According to the report, EEAS operations were visited on three occasions, on 30th January 2013, 31st January 2013 and a “routine inspection” on 5th February 2013. The locations visited are not made clear in the report, but it can be inferred that the inspectors experienced some conditions out in the field as references are made to “30 interactions between ambulance staff and people using its service during our visit” and that it was a “cold and windy day”. Reference to witnessed trolley transfers and fully completed patient records suggests a visit to an Accident and Emergency department.

The report identifies that road staff are, as we already knew, doing their best providing a service which is “consistently good, with staff showing genuine concern, respect and care for people they assisted”.

The inspection team also spent some time in one of the HEOCs (Health and Emergency Operations Centre – ie. The Control Room). The report mentions two days in the Norwich HEOC, although it is unclear if one of those days was the routine inspection which took place on 5th February or if they were additional visits.

It appears that it was here that the fabled “big picture” became evident to the inspectors. It was not all bad though. The despatch system was rightly seen as effective and professionally run;

“During our time in the communications centre we spoke with managers, call takers and dispatchers. We listened to calls being taken and watched as deployment decisions were made by staff. Emergency calls were answered promptly and resources were allocated by one of five dispatchers according to the location of the call. A responding resource was allocated quickly to emergency calls as soon as the location of the incident was known. Further details concerning the call were passed to staff en route.”

The Bad

However, the CQC were forewarned of the struggle to reach many calls and back up first responders.

“Response times to emergency calls were an area of concern following our previous inspection in March 2012. We were also aware prior to this inspection, that the trust’s performance had deteriorated during 2012 and that this was particularly evident in the Norfolk area. There also continued to be a significant inequity of service between rural and urban areas of the trust. For example, although the trust achieved its response times in places like Luton and Peterborough, it regularly failed to meet them in Norfolk and Suffolk. Furthermore, we knew that the trust had not been able to reduce the length of time single paramedic responders waited for a back up vehicle to take people to hospital.”
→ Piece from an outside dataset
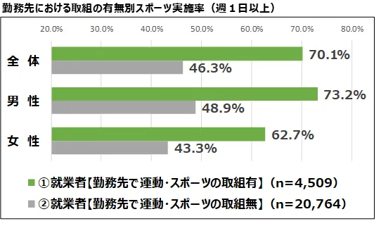 調査結果にあたるデータを見てみると、勤務先での「運動・スポーツを活用した取り組み」の有無が、週に1回以上のスポーツ実施率に明確な影響をもたらしていることがわかりました。具体的には、取り組みが行われている職場では実施率が70.1%に達する一方で、なされていない職場では46.3%という低い結果が出ています。この約25%もの差は驚くべきものです。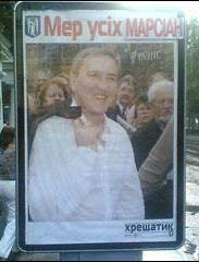 Та поки Кличко з Турчиновим боролися за лозунг, перемогу знову здобув Леонід Черновецький з гаслом Косаківського «Мер усіх киян». Щоправда, перед виборами група невідомих змінила цей лозунг на рекламних бордах Черновецького на фразу «Мер усіх марсіан».

The report goes on to examine deteriorating response times (a 4% fall in target achievement in Norfolk since Sep 2012). Reasons cited for this included a 9% increase in the past 12 months, hospital handover delays and “not enough extra staff to match the increase in calls”.
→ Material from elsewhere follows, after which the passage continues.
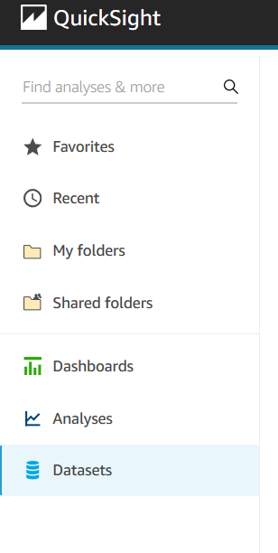 1. From the Amazon QuickSight landing page, select the Datasets button on the left hand side.

Despite this, the report states that “Managers were unable to give us sufficient explanation as to why performance had fallen.”

This is a worrying statement which not only suggests that the explanation has been missed despite clear evidence, but also seems to disingenuously finger “managers” as lacking the knowledge or competence to explain the situation. This is unfair. It is painfully, fatally apparent that the reason for ever decreasing performance is a lack of resources. That is it. No new chief executive or re-worked deployment strategy is going to squeeze any more out of resources already overstretched. Any individual arrogant enough to claim otherwise will just add to the culture of delusion that has been cultivated by the fanatical pursuit of government targets by fair means or foul.

The frontline staff are already giving more than they can sustain just trying to cover the shortfall. Experienced staff are leaving or looking for a way out as a result, further depleting a highly-skilled but shattered workforce.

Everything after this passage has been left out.